In other news, I decided (formally) not to rely upon on GDJ to give me a job. Though I like the working conditions he proposes (working partly at home, and partly in the office, setting my own hours) I do not like waiting until he gets things sorted out. I also don't like relying on a man who keeps suggesting we have an extramarital affair for anything.

Toward that end, I spent some time finding out what else I could do with myself to keep from growing bored and weird with my stagnant state, and came up with a few things. The pilates class is a good start (could it really make me taller? hehe) and I also got an audition to sing/guitar at a coffee shop on W. Avenue a couple of evenings and/or afternoons a week. That means needing to go get new strings because I haven't replaced my guitar strings for a long time.
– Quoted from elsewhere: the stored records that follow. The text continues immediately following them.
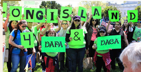
Action in Washington D.C for SCOTUS Decision on Extended DACA and DAPA

By active participation since 1993, we have directly & indirectly impacted the lives of Latina Women as individuals and also the view our communities have on Active Latina women. Latinas are quickly becoming one of the most active members of society and one the most participating and vocal community members. There is still more work to do to reach women who continue to feel disenfranchised and voiceless.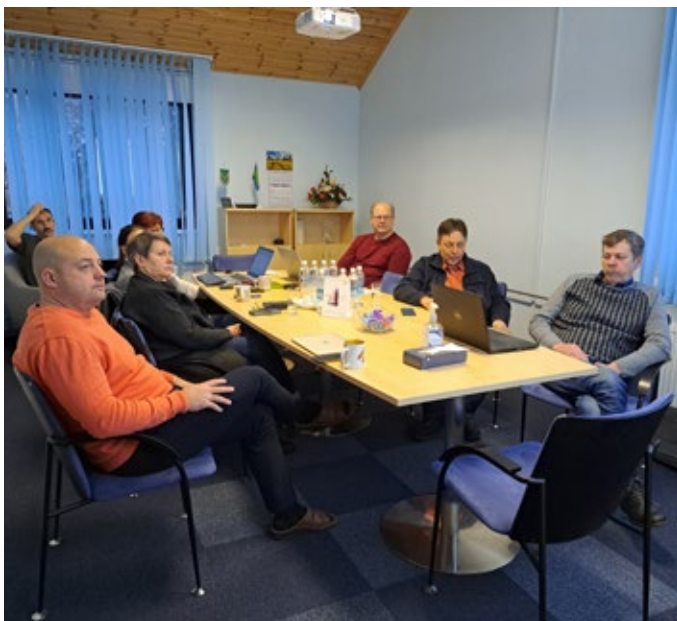
Vinni valla kriisikomisjon lauaõppusel „KOV-79 SÄRTSU“.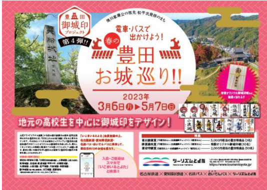
電車・バスで出かけよう！豊田お城巡り！！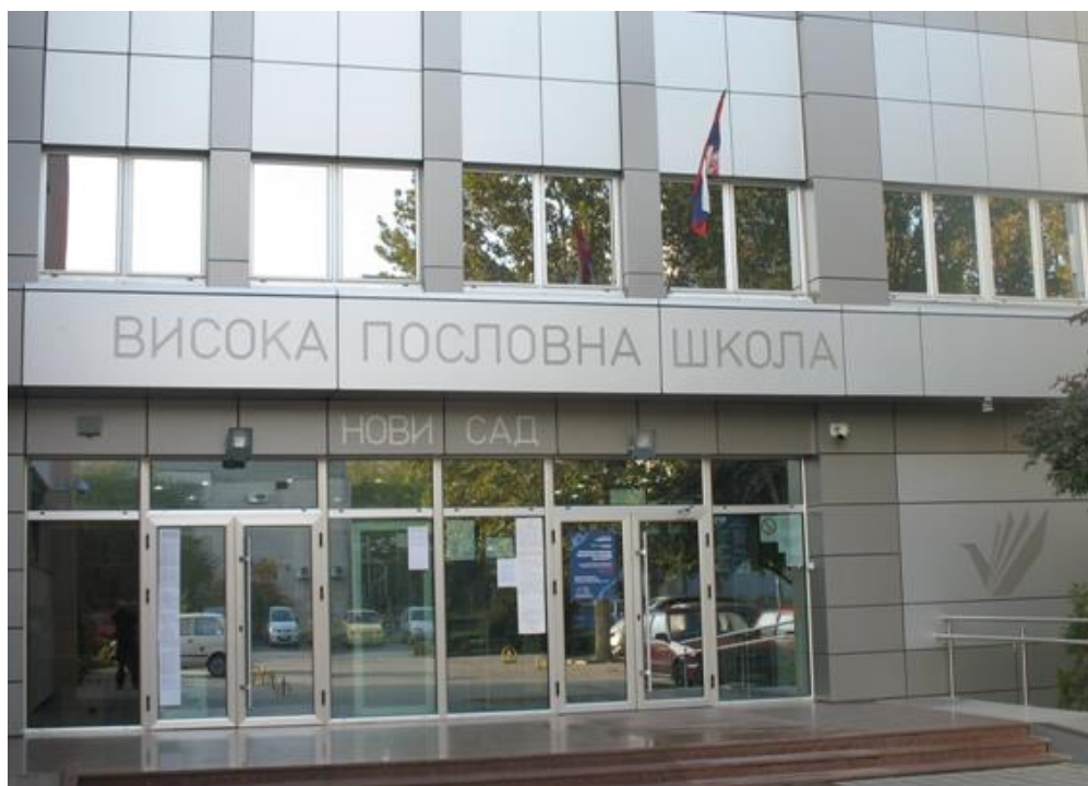
Зграда у улици Владимира Перића – Валтера бр.4.

I also got a phone call this morning from a local radio station asking if I would do an interview for Spoken Word, as a "local celebrity". This, I thought, was hilarious, because I am NOT a celebrity even in the most broad definition of the word. However, because I toured with the Winnepeg Comedy Festival at one time, and had some of my scripts performed at a professional theatre, this apparently qualifies me to speak on the radio. I laughed when the guy explained what he wanted to do and said, Wow you must be really hard up for someone to talk to! And the guy laughed too and said, Yeah, I am. That, alone, should have been just cause to tell him to piss off.
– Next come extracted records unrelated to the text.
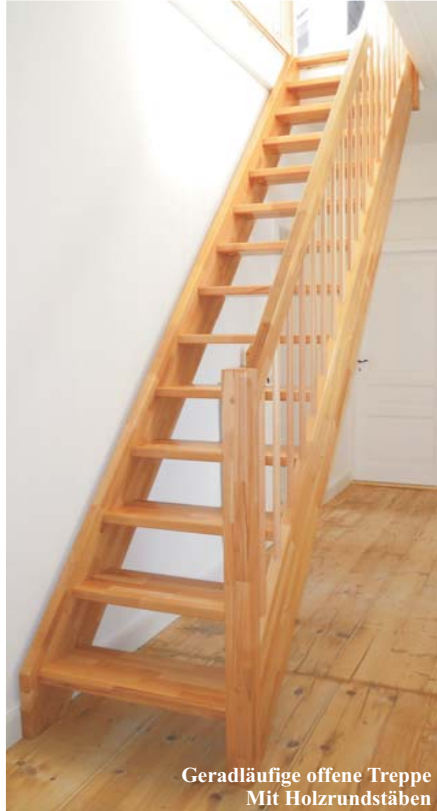
Geradläufige offene Treppe Mit Holzrundstäben

Handwerkliche Maßanfertigung aus Massivholz nach DIN 18334. Hergestellt in Deutschland. Beidseitig eingestemmte Wangentreppe. Stufen-, Wangen- und Handlaufstärke ca. 40 mm. Geländer aus glatten Holzrundstäben Ø ca. 25 mm oder Edelstahlstäben Ø ca. 16 mm, glatten An- und Austrittspfosten ca. 80 x 80 mm oder 80 x 40 mm und glattem Holzhandlauf ca. 80 x 40 mm. Offene Ausführung, ohne Setzstufen. Treppenbreite bis 95 cm. Auftrittsbreite bis 26 cm. Alle Holzteile werden sauber geschliffen und oberflächenfertig versiegelt.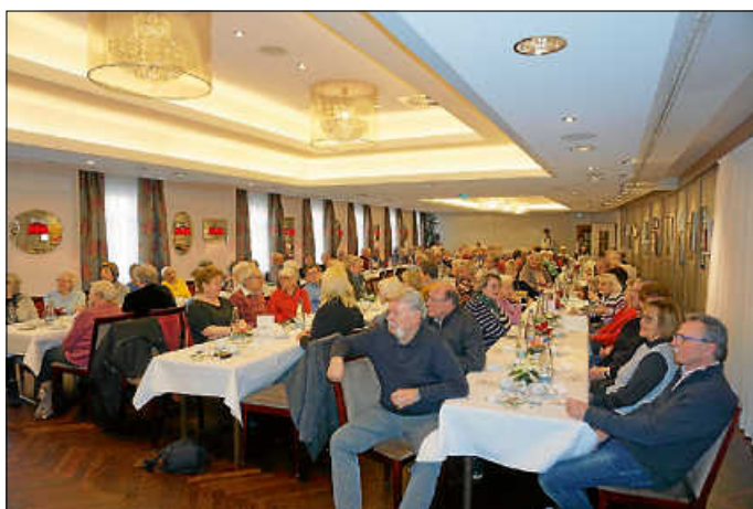
Voll besetztes Haus bei der städtischen Seniorenweihnachtsfeier

Rund 150 Seniorinnen und Senioren sind am Dienstag, 5. Dezember, der Einladung von Stadtverwaltung und Gemeinderat zur städtischen Seniorenweihnachtsfeier gefolgt. Erstmals im großen Saal des Hotels und Restaurants Adler, dauerte es gerade einmal zwei Werkstage, bis alle kostenlosen Einlasskarten restlos vergriffen waren.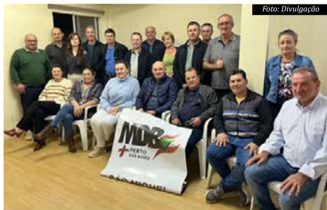
Lideranças regionais do MDB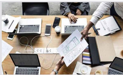
مهر خبر می‌دهد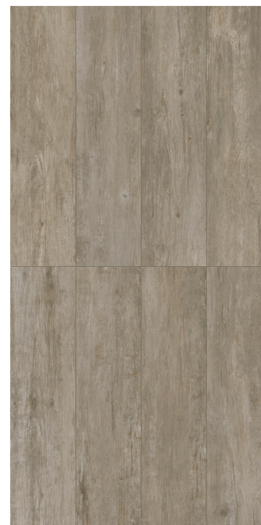
Memory GR NAT 30x120 / 12x48"

Variação visual Shade variation / Variación de tono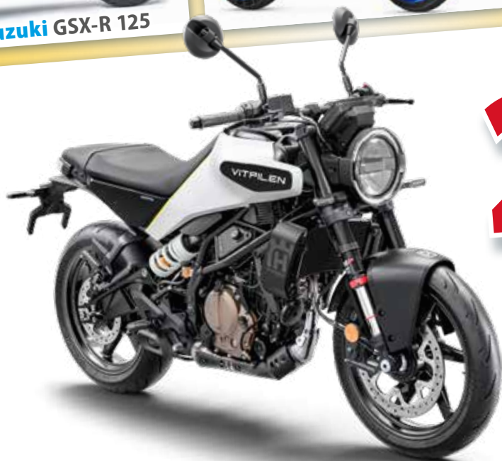
Husqvarna Vitpilen 125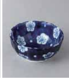
77-18-32G 320円 福々梅菊型 3.0小鉢 140入 9×4.1cm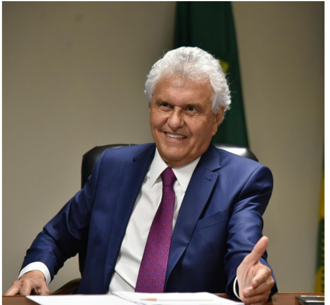
Ronaldo Caiado avança junto ao eleitorado da direita para as eleições presidenciais

Em recente entrevista à Folha de S. Paulo, Caiado considerou que tem o mesmo eleitorado de Bolsonaro e disse que pretende trabalhar para viabilizar seu nome na disputa pelo Palácio do Planalto em 2026 com o apoio do ex-presidente, isso, claro, se o liberal não tiver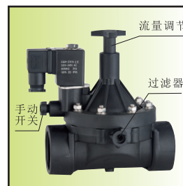
Z199-32 \bar{A} Ib02 (DN32~50常闭型)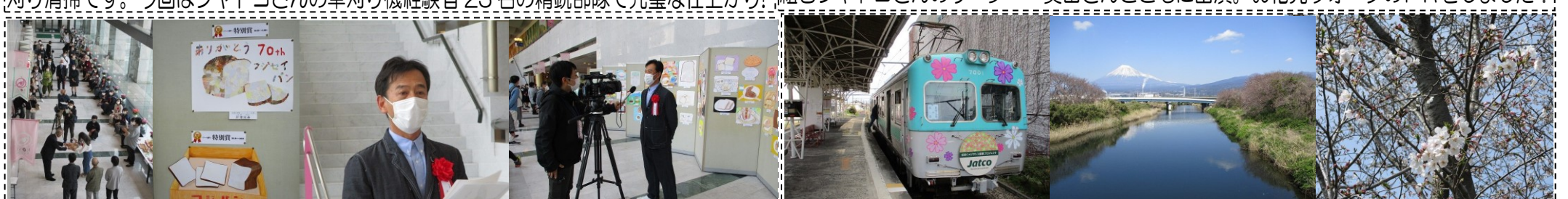
「ありがとう富士製パン アート&手紙コンクール」(3/27)…70年にわたり学校給食のパン、やご飯を作ってきた富士製パンさんが撤退したことを受け、有志の皆さんが企画。残念です！ お花見ウォークのコースをソロウォーク(3/27)…東田子の浦駅から沼川、滝川、田宿川沿いを、行く 8km のコースです。岳鉄はサクラ電車ですが、本物のサクラはまだ 2~3 分咲きでした！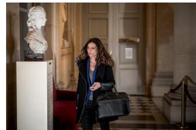
Coralie Dubost à l'Assemblée nationale, en février 2020.

Sollicitée par Mediapart, la députée explique avoir désormais tout remis en ordre, en procédant à des remboursements de frais indus, après avoir fait l'objet, pour les années 2018 et 2019, d'un contrôle opéré par la déontologue de l'Assemblée nationale.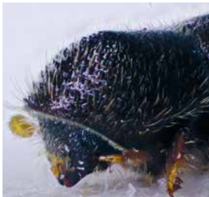
Dospělec kůrovce bukového – samec (čelo).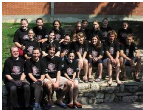
Ljetna škola znanosti - arhivska fotografija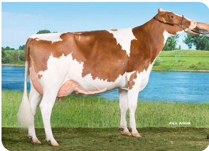
Huntje Holstein Anemoon 183 (mère de Red Ravello)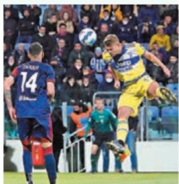
◆祖記後衛迪歷特頂入扳平。

意大利甲組聯賽當地9日的第32輪較量，賽前落後榜首AC米蘭4分的國際米蘭，憑尼高路巴列拿和迪斯高上半場的兩個入球，主場以2:0戰勝維羅納；同日全取3分的還有為保前四而努力的祖雲達斯，他們作客以2:1反勝卡利亞里。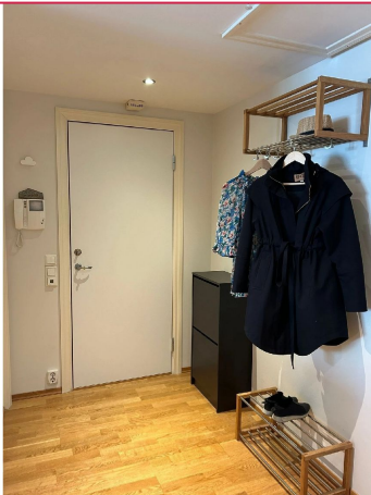
Lyst inngangsparti med god plass til å henge fra seg ytterklær.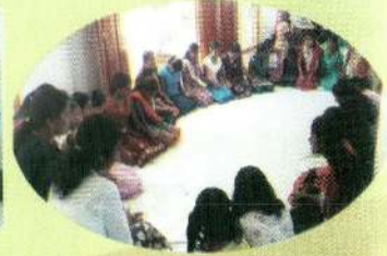
ஒருநாள் உபவாச ஜெபம்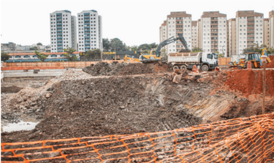
Instalação de tirantes de estabilidade marca nova fase do Piscinão do Fundação em São Caetano

A construção do Piscinão do Bairro Fundação, dentro do Programa Drenar São Caetano, segue dentro do cronograma e um dos marcos importantes desse avanço é a finalização da instalação de 95% das vigas de coroamento — estrutura responsável por unificar as lamelas que formam as paredes de contenção do reservatório. Os 5% restantes serão concluídos apenas ao final da obra, pois servem, neste momento, como passagem estratégica para o deslocamento de máquinas e equipamentos.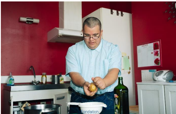
Un habitant de LA BIENVENUE à Court Saint Etienne

18 personnes en situation de handicap sont déjà locataires actifs et responsables dans un Habitat Inclusif Solidaire de la Fondation Portray.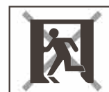
誘導灯 非常用照明器具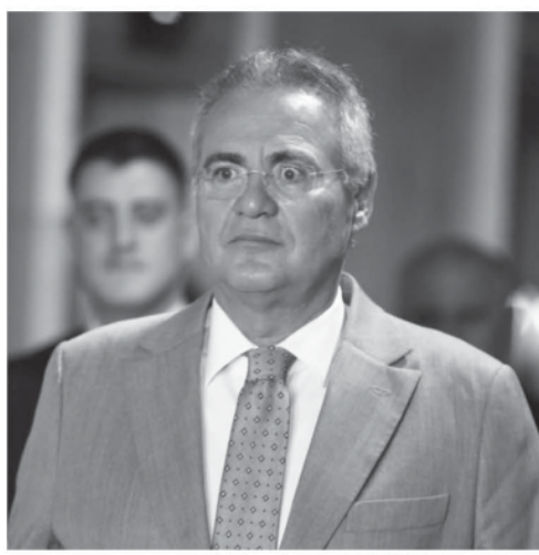
レナン・カリエイロス上院議長

レナン議長が被告となった1日、LJ作戦を指揮するパラナ連邦地裁は、上院本会議に招かれ

That, and the fact that I HATE the way I sound on the radio. When C. was working at the radio station back home she always used to get me to come on when she was stuck for material and talk about theatre. (This was, in fact, how I met Noah.) It drove me crazy when she would expect me to be able to talk for twenty minutes but have no questions prepared to keep things rolling. Anyway, I agreed to do a short interview on the condition that he would prepare questions rather than making me deliver a monologue, and he promised.

Beyond that, I think I have finally got my papers in order to return to teaching in the public system. Ironic how hard I fought to get OUT of that system, how many different things I tried in my desperation to find a job that made me feel appreciated -- and having been up and down that road, I now realise that I truly am happiest working with the crazy-confused-and-lost adolescents of junior high school. Weird. The hiring situation isn't too great out here, though, and it may be a bit of a wait to get something. My eight years of experience makes me too expensive, I fear, to hire as quickly as a fresh-out-of-school teacher. Still, I'm hoping for the best and feeling optimistic now that I finally got the right papers filled out.

There's also been time to do some real thinking about~ things - something I'd completely forgotten during my time overseas - and have been feeling more settled inside that part of my true self than I have in a significantly long period of time. Years, even. Being able to talk about things I haven't really talked much about has helped a lot. I am getting a better handle on what is different about me; why certain things work and why some of the old standbys just don't, and I am feeling more okay than ever about not being the same. Fitting into a community is no longer a concern, and neither is comparison. It's not the quick-fix I'd hoped it would be, but being honest with myself makes the journey less painful, and even enjoyable.